I am interested in working more and more with plant systems in which natural forces and I work together to determine the nature of the garden. This desire of mine is exemplified by the perennials in what I call my meadow garden (see my 9/24/09 posting). Now I am intrigued by the idea of directly sowing annuals to achieve a naturalistic looking plant display that is also economical, has a minimal energy requirement, and represents this balance between natural forces and my will that I mentioned above. Perhaps I am revisiting the well known "meadow-in-a-can" phenomenon that made a splash about twenty years ago and is still available today, but I like to think I am looking at it a bit differently. The "meadow-in-a-can" provides something much like the top picture. It's a festival of color. There is no sense of composition or even a sense of the beauty of drifts and undulating masses we see in nature as plants distribute themselves. It's like the plants have been homogenized. Perhaps over time, if they continued to come back year after year, they would eventually make a more interesting distribution.

While waiting to see what that planting will evolve into (with some guidance by me) I am also experimenting with other plants and their combinations.
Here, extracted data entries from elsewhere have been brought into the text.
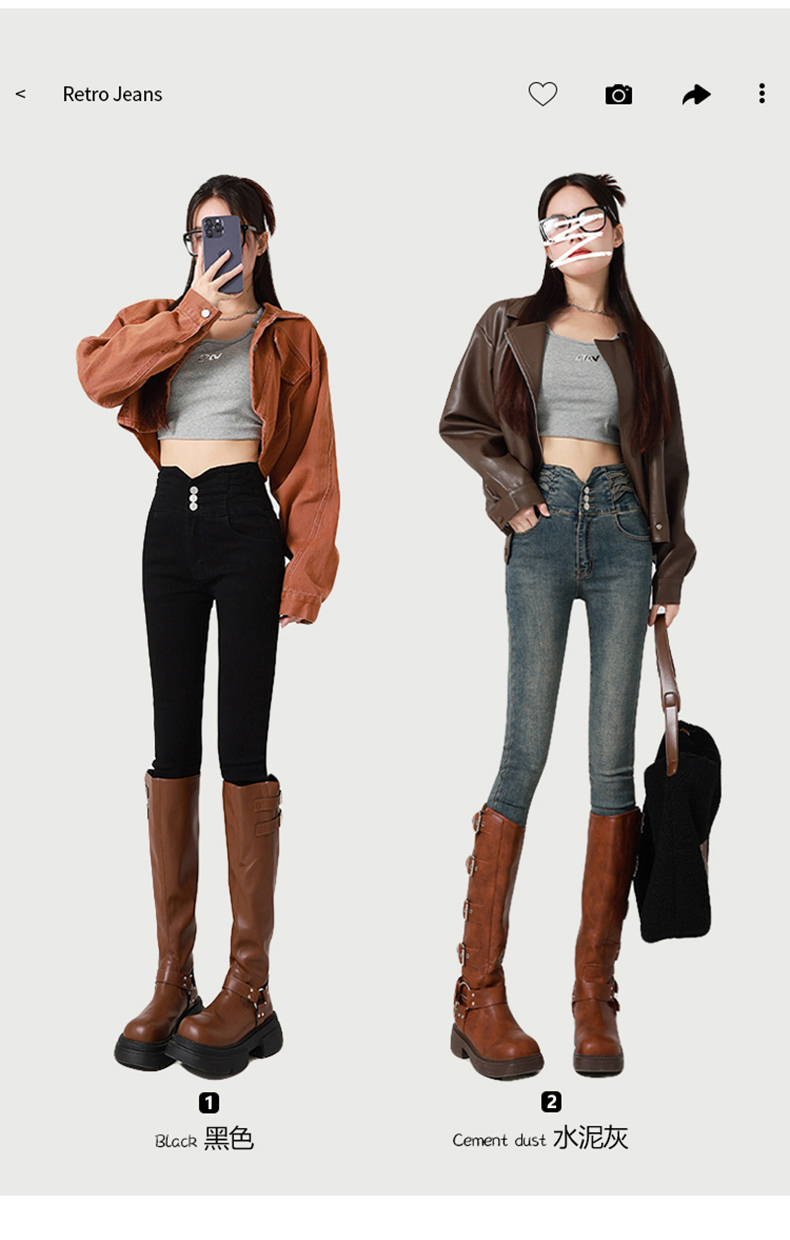 RM27932#加绒加厚高腰修身小脚牛仔裤女紧身弹力显瘦铅笔裤子
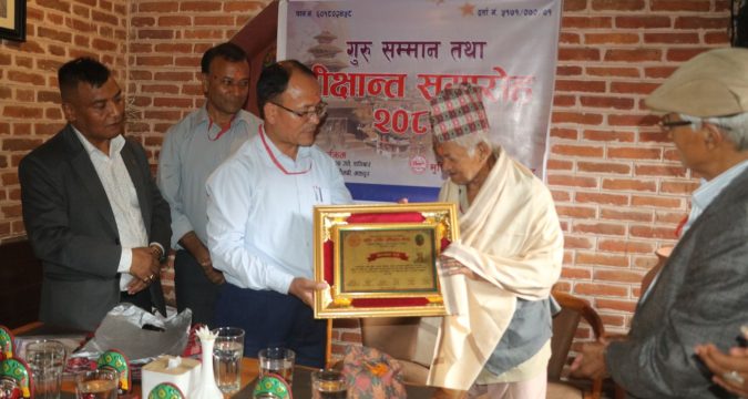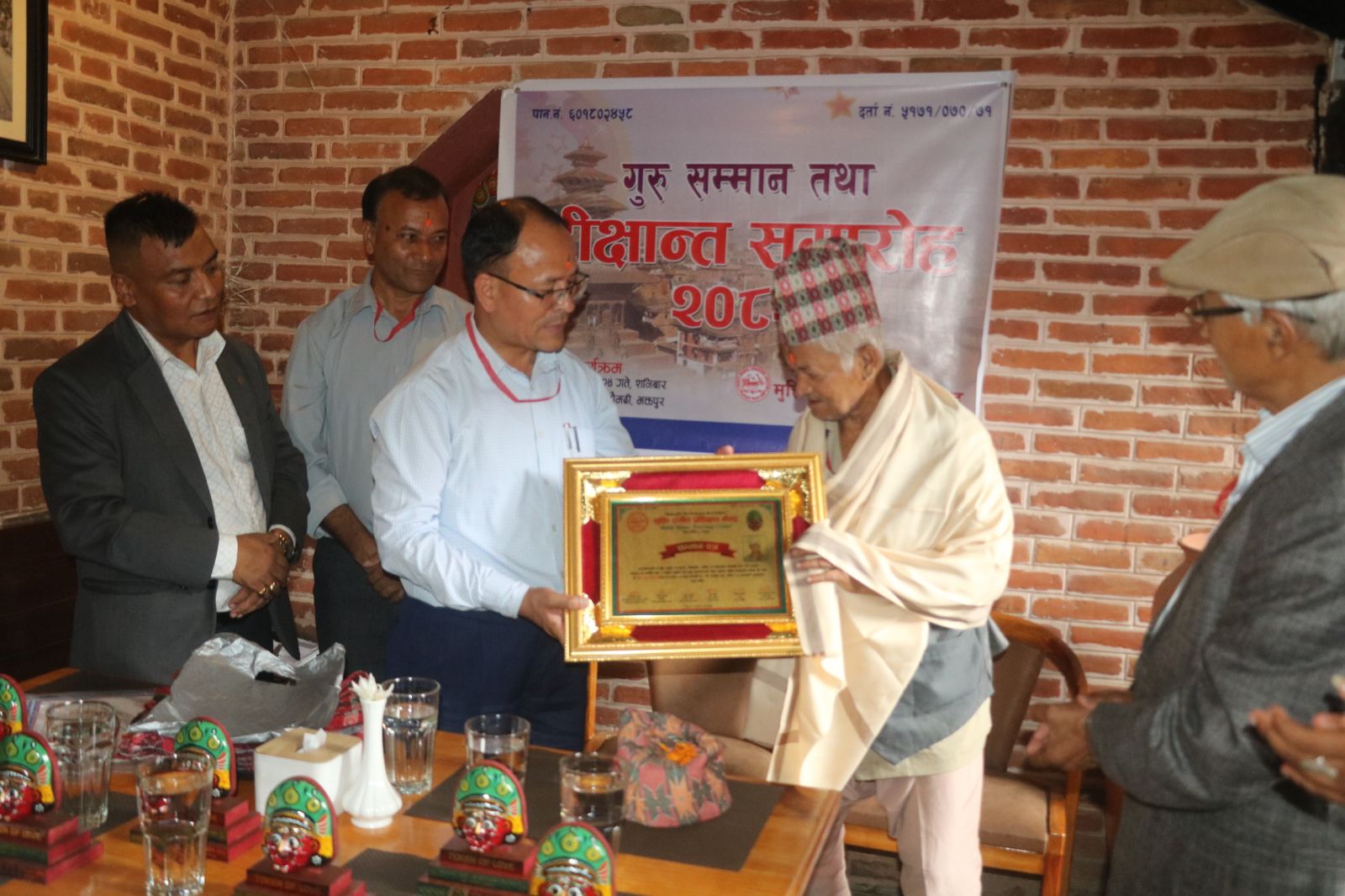 विद्यार्थीहरुले पढेर पास गरेर मात्र होइन सो विषयको विज्ञता हासिल गर्नुपर्नेमा जोड दिदै बागमती प्रदेशका सांसद सुरेन्द्रराज गोसाईले मुक्ति संगीत प्रशिक्षण केन्द्रका गुरु सम्मानित तथा प्रशिक्षार्थीहरुलाई शनिबार दिक्षित गरेका छन् । गरुडा होटल तौमढीको सभाहलमा आयोजित सो कार्यक्रममा स्थानीय संस्कृतिविदलाई सम्मानित गर्दै सांसद गोसाईले स्थानीय संस्कृति र सभ्यता संरक्षण गर्न नयाँ पुस्तालाई निरन्तर प्रशिक्षण दिनुपर्नेमा जोड दिनु भयो । उहाँले आफ्नो मातृभाषा छोडेर अरु भाषा बोलेर भाषा संस्कृति संरक्षण हुन नसक्ने बताउनु भयो । सस्कृति अभियान्ता गणेशराम लाछिले भक्तपुरमा मुक्ति संगीतले नयाँ पुस्तामा परम्परागत नाँच गान र बाजाहरु सिकाएर संस्कृति संरक्षणमा अतुलनयिा योगदान गर्दै आएको चर्चा गर्दै ख्वप विश्वविद्यालय स्थापनासँगै अझै थप संस्कृति सभ्यता संरक्षण गर्न सक्षम हुने धारणा राख्नु भयो भने स्थानीय जनप्रतिनिधी उपेन्द्र सुवालले गाईजात्रा जस्तै नगरका साँस्कृतिक वर्ष, जात्राहरुलाई व्यवस्थित रुपमा सञ्चालन गर्न नगरपालिकाले आह्वान गर्दै आएको उल्लेख गर्दै उहाँले विक्रृति रहित सभ्य रुपमा पर्व मनाउन आग्रह गर्नु भयो । भक्तपुरका विद्यार्थीहरुलाई सहुलियत पूर्ण शैक्षिक ऋण र छात्रवृद्धि दिएर उच्च शिक्षा हासिल गर्न नगरपालिकाले सहयोग गर्दै आएको बताउँनु भयो । नेपाल चेम्बर अफ कमर्शका केन्द्रीय सदस्य रोशन भ्योद्यले मुक्ति संगीतबाट प्रशिक्षण पाएका कलाकारहरुबाट देश विदेशका पाहुनाहरुलाई देवी नाँच लगायत विभिन्न साँस्कृतिक झाँकीहरुबाट स्वागत गर्न पाएकोमा खुसी व्यक्त गर्नु भयो । नयाँ पुस्तालाई पुख्यौली कला प्रशिक्षणमा अझ महिला अग्रसर हुनु गौरवको विषय भएको भन्दै यस्तो खालको प्रशिक्षण निरन्तर हुनुपर्नेमा जोड दिनु भयो । मुक्ति सगीत प्रशिक्षण केन्द्रका संस्थापक मुक्ति सुन्दर जधारीको जन्म दिनको अवसरमा आयोजित सो कार्यक्रम रोशिका जधारीको सभापतित्वमा सम्पन्न भएको थियो भने सो अवसरमा रोशिक जधारीले कार्यक्रम सफल पार्न सहयोग गर्ने सबैलाई धन्यवाद ज्ञापन गर्नु भयो ।
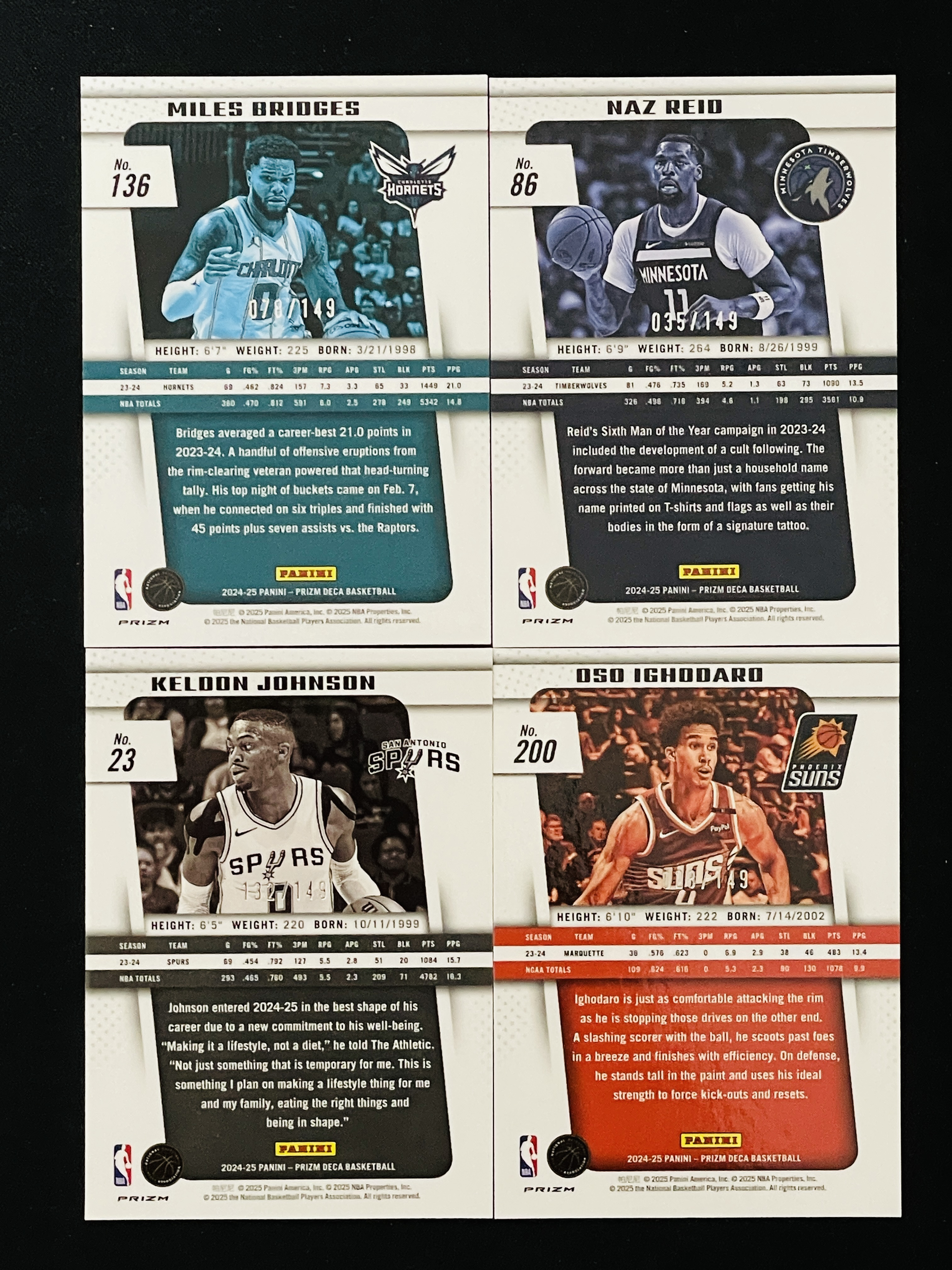 【飞飞代卖】2024-25 Prizm Deca 纳兹里德 布里奇斯 凯尔登约翰逊 新秀 伊戈达罗 蓝折 149编 带编 折射 一图4张打包
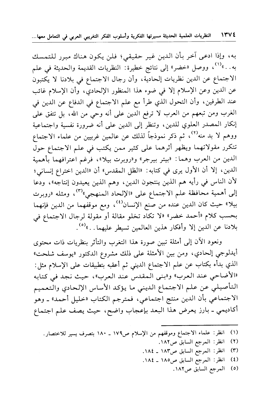 به، وإذا ادعى آخر بأن الدين غير حقيقي؛ فلن يكون هناك مبرر للتمسك به. ." (¬1)، ووصل "خضر" إلى نتائج خطيرة: النظريات القديمة والحديثة في علم الاجتماع عن الدين نظريات إلحادية، وأن رجال الاجتماع في بلادنا لا يكتبون عن الدين وعن الإسلام إلا في ضوء هذا المنظور الإلحادي، وأن الإسلام غائب عند الطرفين، وأن التحول الذي طرأ مع علم الاجتماع في الدفاع عن الدين في الغرب ومن تبعهم من العرب لا ترفع الدين على أنه وحي من الله، بل تتفق على إنكار المصدر العلوي للدين، وتنظر إلى الدين على أنه ضرورة نفسية واجتماعية ووهم لابد منه (¬2)، ثم ذكر نموذجًا لذلك عن عالمين غربيين من علماء الاجتماع تتكرر مقولاتهما ويظهر أثرهما على كثير ممن يكتب في علم الاجتماع حول الدين من العرب وهما: "بيتر بيرجر" و"روبرت بيلا"، فرغم اعترافهما بأهمية الدين، إلا أن الأول يرى في كتابه: "الظل المقدس" أن "الدين اختراع إنساني؛ لأن الناس في رأيه هم الذين ينتجون الدين، وهم الذين يعيدون إنتاجه"، ودعا إلى أهمية محافظة علم الاجتماع على "الإلحاد المنهجي" (¬3)، ومثله "روبرت بيلا" حيث كان الدين عنده من صنع الإنسان (¬4)، ومع موقفهما من الدين فإنهما بحسب كلام "أحمد خضر" "لا تكاد تخلو مقالة أو مقولة لرجال الاجتماع في بلادنا عن الدين إلا وأفكار هذين العالمين تسيطر عليهما. ." (¬5).
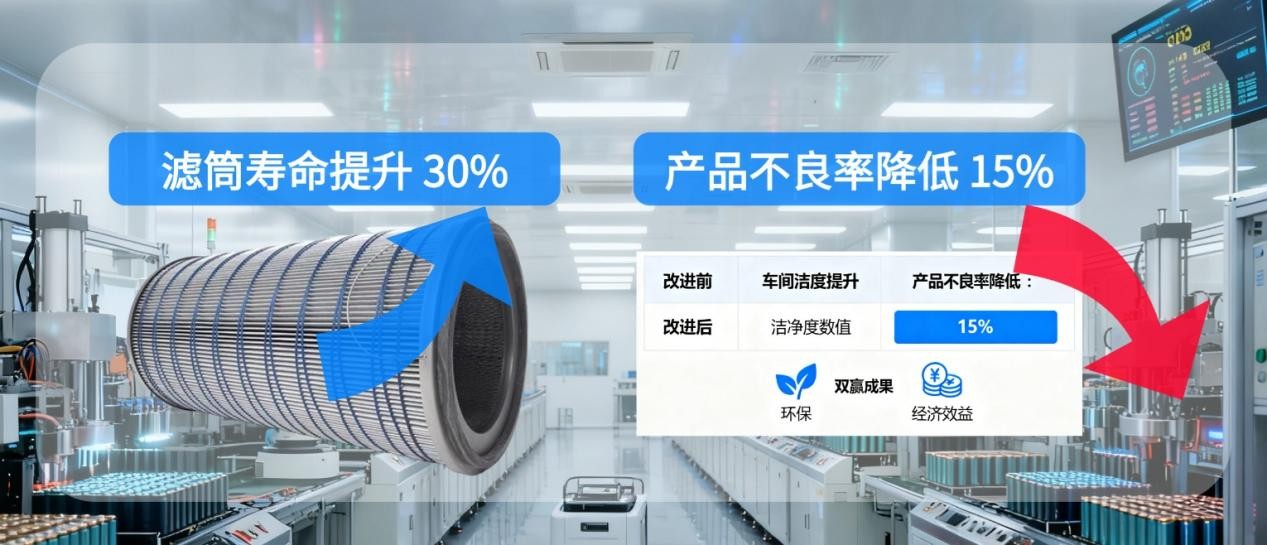 该方案在国内某龙头电池产线全面部署后,各工段排放浓度均稳定达标,车间洁净度大幅提升,达到行业领先水平,有效保障电池产品一致性与安全性能,助力客户将产品不良率降低15%,实现环保与经济效益双赢。
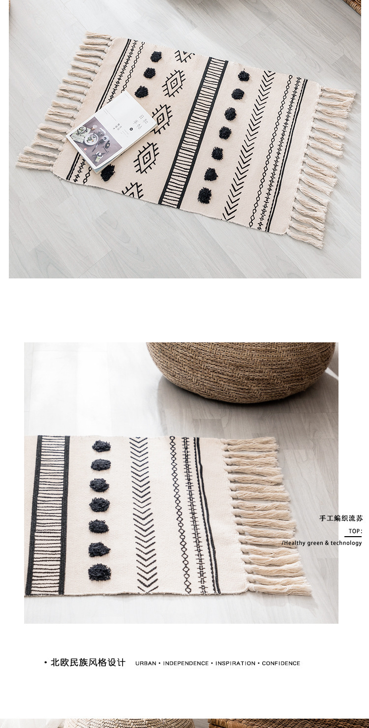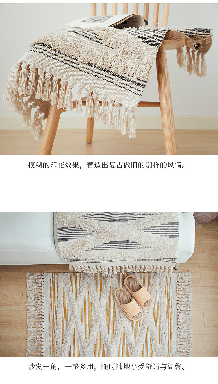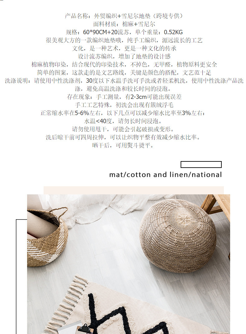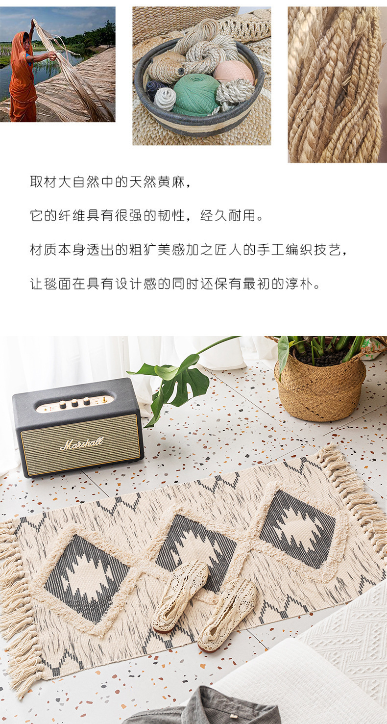 국경 간 민족 바람 대마 매트 복고풍 일반 태피스트리 수제 카펫 연구 침실 소파 쿠션 머리카락 세대스토어 가기

The second picture down is of a grass, Ruby Silk,(Agrostis tef) and a non grass or, in prairie planting parlance, a forb, Chinese Forget-me-not (Cynoglossum amabile). Remembering how forbs so attractively peak through a backdrop of grasses, I tried a couple of other direct sow gardens with a mix of grasses and showy flowering plants. I vastly overestimated how much Agrostis tef I needed and vastly underestimated in the other garden how much Quaking Grass was needed. With the one garden the grass totally dominated the planting. The other one was sparse indeed although it did expose me to a very attractive and potentially useful annual pictured above, California Bluebell (Phacelia campanularia).

Obviously I have a lot to learn, but true to the lifestyle garden theme, its the process that's the most gratifying.